Conviene señalar en este punto que la mayor peligrosidad podemos encontrarla en aquellos juegos que representan figuras humanas en situaciones violentas, ya que se facilita extraordinariamente el aprendizaje de estos comportamientos mediante un modelo imitativo. Además, el modelo se refuerza por tratarse del protagonista de la historia. Este peligro se acrecienta si, como apunta Begoña Gros, profesora de la Universidad de Barcelona, en el videojuego la violencia además de gratuita permite un regodeo y un deleite en las acciones violentas, proporcionando un disfrute en el hecho de eliminar al enemigo de una manera brutal, en consecuencia muy alejada de aquella violencia primigenia que consistía en eliminar marcianitos.

 

La magnífica revisión bibliográfica realizada por Elena Rodríguez en su estudio “Jóvenes y videojuegos: Espacio, significación y conflictos” le lleva a afirmar que los resultados obtenidos hasta el momento no permiten establecer relaciones causales consistentes en el impacto de los videojuegos violentos sobre la conducta agresiva de los jugadores. Indica también que no es posible esclarecer si la posible relación entre videojuegos y violencia es producto de la influencia del videojuego o tal vez sea una consecuencia de que los sujetos más atraídos por este tipo de juegos sean los que ya de por sí tienen un carácter más violento.

 

Amnistía Internacional publicó el estudio “Con la violencia hacia las mujeres no se juega” (2004), sobre videojuegos, discriminación y violencia contra las mujeres, que fue calificado por la industria de exagerado y alarmista.

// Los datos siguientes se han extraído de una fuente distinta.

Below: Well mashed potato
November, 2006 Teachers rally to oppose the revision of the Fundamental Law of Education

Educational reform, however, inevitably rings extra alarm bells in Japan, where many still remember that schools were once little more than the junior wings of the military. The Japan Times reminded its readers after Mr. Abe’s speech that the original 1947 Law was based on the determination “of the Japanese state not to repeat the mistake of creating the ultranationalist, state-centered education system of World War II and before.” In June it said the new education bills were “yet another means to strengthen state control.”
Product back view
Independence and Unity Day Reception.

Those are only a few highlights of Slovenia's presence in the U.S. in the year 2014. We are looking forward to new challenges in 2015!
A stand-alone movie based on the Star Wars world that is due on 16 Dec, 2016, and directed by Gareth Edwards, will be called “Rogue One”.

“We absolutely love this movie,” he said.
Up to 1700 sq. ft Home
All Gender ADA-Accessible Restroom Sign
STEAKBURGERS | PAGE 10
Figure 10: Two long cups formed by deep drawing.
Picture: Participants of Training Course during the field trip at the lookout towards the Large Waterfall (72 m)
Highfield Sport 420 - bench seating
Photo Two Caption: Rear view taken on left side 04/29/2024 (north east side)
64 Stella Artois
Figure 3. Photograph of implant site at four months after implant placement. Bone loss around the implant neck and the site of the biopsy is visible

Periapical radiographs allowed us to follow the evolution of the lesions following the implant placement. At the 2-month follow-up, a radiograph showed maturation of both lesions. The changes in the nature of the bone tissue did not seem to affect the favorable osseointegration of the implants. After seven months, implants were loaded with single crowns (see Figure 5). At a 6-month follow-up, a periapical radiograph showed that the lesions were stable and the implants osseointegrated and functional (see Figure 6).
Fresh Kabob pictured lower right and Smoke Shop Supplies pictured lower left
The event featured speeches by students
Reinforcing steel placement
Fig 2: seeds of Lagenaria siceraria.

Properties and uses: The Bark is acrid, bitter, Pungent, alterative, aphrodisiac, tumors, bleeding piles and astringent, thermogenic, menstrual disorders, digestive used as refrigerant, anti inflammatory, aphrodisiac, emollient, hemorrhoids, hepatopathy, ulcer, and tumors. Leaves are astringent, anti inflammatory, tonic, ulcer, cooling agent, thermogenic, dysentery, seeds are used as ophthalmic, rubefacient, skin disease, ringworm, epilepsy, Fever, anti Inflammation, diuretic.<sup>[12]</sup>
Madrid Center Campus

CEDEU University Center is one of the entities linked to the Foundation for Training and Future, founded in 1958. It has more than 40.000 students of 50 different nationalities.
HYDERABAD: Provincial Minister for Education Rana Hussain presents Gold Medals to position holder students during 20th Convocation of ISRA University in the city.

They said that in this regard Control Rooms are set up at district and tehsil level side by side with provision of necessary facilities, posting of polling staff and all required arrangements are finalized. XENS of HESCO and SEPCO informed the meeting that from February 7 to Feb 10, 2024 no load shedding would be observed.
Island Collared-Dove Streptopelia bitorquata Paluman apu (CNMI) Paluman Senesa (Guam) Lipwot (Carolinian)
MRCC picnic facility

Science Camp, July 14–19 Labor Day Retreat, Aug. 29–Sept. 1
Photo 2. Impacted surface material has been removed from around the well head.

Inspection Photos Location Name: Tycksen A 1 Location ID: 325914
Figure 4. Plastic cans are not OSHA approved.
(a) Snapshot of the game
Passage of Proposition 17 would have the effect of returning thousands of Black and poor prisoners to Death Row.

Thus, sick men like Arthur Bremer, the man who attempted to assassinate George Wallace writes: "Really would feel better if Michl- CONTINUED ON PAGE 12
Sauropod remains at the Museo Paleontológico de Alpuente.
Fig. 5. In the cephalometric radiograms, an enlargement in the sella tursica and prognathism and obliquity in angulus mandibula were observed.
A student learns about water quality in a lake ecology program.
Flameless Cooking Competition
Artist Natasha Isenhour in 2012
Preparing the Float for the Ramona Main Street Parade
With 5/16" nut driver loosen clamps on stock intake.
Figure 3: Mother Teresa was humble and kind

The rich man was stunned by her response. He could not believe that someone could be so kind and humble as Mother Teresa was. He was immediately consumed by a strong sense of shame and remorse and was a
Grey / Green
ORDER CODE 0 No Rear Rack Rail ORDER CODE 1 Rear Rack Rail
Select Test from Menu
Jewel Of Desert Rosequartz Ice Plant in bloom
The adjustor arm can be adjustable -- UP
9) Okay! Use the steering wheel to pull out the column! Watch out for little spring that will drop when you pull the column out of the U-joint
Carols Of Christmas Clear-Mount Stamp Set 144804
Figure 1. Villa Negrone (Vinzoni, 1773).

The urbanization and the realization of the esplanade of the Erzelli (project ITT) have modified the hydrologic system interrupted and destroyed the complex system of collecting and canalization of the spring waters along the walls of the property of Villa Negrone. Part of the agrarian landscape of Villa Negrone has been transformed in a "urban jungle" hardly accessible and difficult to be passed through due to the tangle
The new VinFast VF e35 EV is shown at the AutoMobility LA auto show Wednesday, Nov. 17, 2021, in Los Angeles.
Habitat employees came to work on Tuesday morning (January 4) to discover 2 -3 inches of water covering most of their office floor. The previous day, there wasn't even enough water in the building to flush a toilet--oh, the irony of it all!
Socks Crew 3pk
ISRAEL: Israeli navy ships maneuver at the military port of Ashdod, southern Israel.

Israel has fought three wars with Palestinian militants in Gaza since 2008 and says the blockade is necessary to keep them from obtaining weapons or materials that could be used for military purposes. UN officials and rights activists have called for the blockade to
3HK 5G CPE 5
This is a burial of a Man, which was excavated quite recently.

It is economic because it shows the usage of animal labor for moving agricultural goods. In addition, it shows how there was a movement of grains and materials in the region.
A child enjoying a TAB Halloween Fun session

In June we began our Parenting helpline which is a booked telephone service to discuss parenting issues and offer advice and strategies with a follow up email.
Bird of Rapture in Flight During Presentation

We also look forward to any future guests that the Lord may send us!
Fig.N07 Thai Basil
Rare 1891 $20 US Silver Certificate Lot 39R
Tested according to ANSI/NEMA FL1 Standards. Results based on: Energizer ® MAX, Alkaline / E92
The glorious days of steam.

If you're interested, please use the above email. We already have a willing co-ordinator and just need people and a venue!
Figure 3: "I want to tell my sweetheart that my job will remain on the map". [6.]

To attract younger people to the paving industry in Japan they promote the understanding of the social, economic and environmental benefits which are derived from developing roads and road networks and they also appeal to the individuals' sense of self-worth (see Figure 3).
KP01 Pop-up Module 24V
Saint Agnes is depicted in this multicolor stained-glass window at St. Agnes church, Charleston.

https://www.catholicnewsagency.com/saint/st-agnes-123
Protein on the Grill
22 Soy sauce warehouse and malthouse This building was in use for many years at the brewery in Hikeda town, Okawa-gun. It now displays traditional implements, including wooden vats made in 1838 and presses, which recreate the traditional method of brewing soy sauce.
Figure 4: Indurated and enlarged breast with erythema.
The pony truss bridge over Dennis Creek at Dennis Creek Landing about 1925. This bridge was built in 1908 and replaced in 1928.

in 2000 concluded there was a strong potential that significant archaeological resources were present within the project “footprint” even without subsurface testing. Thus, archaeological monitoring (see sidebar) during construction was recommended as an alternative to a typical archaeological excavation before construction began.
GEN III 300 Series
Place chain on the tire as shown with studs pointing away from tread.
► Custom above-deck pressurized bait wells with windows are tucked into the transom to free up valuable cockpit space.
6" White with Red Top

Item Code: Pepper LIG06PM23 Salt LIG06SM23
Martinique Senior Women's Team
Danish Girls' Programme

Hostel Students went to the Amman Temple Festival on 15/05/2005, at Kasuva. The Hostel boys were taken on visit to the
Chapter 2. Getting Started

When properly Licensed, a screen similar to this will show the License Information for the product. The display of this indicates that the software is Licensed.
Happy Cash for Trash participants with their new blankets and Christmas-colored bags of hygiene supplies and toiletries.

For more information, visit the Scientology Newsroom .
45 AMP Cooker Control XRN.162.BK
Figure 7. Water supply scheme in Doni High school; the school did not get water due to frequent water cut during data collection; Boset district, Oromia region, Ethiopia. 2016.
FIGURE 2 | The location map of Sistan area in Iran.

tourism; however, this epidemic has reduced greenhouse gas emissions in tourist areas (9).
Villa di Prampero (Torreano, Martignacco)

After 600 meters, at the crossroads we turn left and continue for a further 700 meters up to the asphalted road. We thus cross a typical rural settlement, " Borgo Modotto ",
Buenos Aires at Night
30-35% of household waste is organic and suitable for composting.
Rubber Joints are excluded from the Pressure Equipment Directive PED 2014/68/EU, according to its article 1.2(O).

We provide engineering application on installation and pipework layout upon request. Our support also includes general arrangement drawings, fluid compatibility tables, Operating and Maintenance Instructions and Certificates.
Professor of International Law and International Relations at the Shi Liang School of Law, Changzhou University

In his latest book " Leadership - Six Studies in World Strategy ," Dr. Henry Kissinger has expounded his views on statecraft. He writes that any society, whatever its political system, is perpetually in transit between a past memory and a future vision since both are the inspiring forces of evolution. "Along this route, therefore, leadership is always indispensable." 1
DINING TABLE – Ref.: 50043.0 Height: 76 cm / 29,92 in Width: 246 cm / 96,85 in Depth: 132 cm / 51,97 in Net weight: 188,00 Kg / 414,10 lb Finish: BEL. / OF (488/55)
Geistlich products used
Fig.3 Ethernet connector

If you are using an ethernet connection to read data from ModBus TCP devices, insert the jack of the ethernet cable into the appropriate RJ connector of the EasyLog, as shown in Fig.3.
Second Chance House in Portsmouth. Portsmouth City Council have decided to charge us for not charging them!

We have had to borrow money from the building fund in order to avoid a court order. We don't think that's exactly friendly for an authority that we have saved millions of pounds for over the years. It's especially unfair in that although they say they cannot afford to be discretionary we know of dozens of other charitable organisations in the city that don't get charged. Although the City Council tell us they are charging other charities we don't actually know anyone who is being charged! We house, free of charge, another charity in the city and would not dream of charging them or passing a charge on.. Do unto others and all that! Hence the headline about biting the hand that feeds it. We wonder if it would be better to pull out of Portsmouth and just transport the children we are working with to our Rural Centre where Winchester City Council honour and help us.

Sin embargo, su lectura es muy ilustrativa de la situación y recoge al final diversas recomendaciones dirigidas a los diversos agentes sociales de gran utilidad.

En cualquier caso, este relativismo en torno a los resultados de las investigaciones nos debe llevar tanto a ser prudentes al afirmar que los videojuegos produzcan comportamientos agresivos como a no perder de vista la realidad del carácter extremadamente violento de muchos videojuegos y las recomendaciones de prudencia y control en su uso que se están haciendo desde muchas instancias.

 

Además, hay que considerar el valor añadido que supone que en los videojuegos –al contrario de lo que ocurre con la televisión u otras formas tradicionales de acceso de los niños a contenidos violentos– la actitud del usuario es activa y ejerce un control absoluto sobre la acción.

Todo lo expuesto en las anteriores líneas es de importancia capital en el caso de los menores. El desarrollo de la personalidad está influido, entre otros factores, por los modelos o estereotipos que se encuentran en los juegos, en la televisión y en los medios de comunicación en general. Aunque sepan distinguir la violencia ficticia de la realidad, la diversión con la violencia gratuita no deja de suponer un empobrecimiento del propio mundo interior y una pérdida de sensibilidad.